Idris Elba Says Father’s Death Shifted His Entire Perspective on Life
In the years after Idris Elba’s father, Winston, was diagnosed with lung cancer, life took on a strange, suspended feeling—like everything was moving forward, but emotionally stuck in place.
For Elba, work didn’t pause. After wrapping two seasons of Luther, he jumped into filming The Gunman, a project he later described as “a stupid film with Sean Penn,” not out of passion, but necessity. The goal was simple and deeply personal: keep working, keep earning, keep his father comfortable and cared for as the illness progressed.

But while he was still on set, reality shifted. His father’s condition worsened, and the news came that the end was near. Elba found himself trying to balance two worlds—one filled with scripts, cameras, and takes, and another quietly collapsing in a hospital room.

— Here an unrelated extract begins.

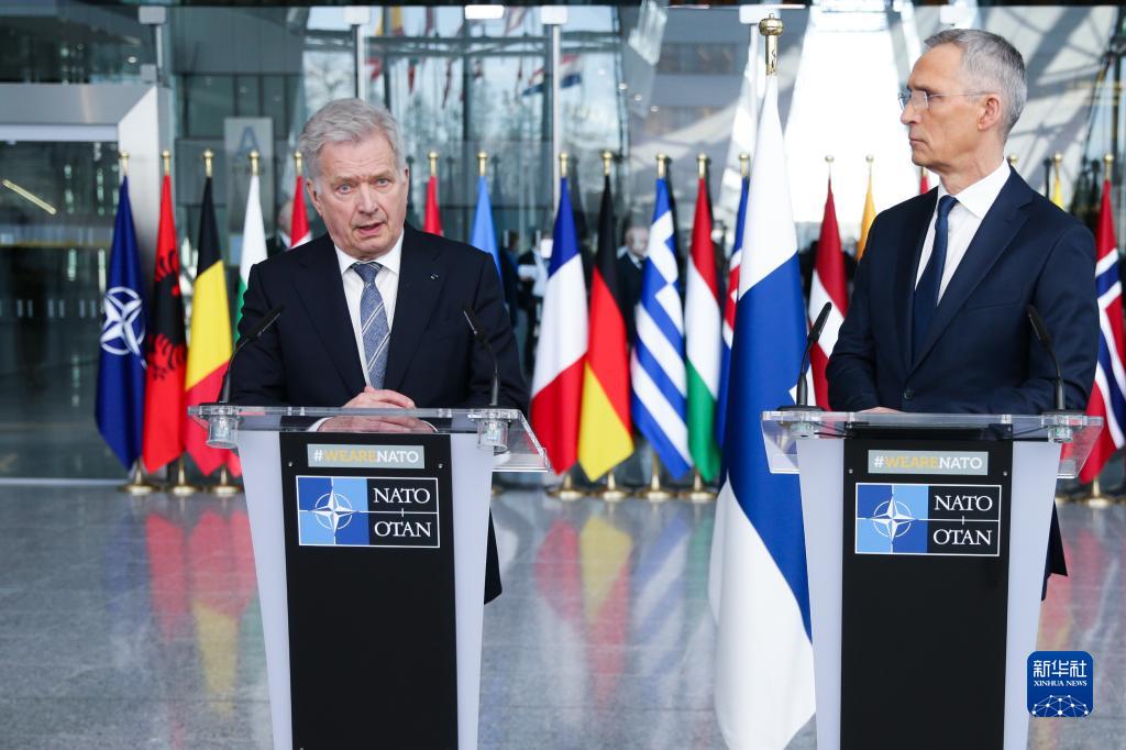 4月4日,在比利时布鲁塞尔的北约总部,芬兰总统尼尼斯托(左)和北约秘书长斯托尔滕贝格对媒体发言。新华社记者郑焕松摄

When the final moment arrived, he was there. Winston lay partly unconscious, fading in and out. Elba stood close, holding his hand as the last breath came. Then something unexpected happened. His father opened his eyes one final time and looked directly at him. Whether it was medical reflex or something more, Elba says it felt intentional, like a final connection between them.
After that moment, everything changed. He later admitted that his understanding of life and death shifted so dramatically that he felt detached from ordinary concerns, like “he might as well have been a table.” The experience left him overwhelmed, emotional, and fundamentally altered.
Looking back, Elba describes it as the moment that reshaped his entire outlook on what truly matters.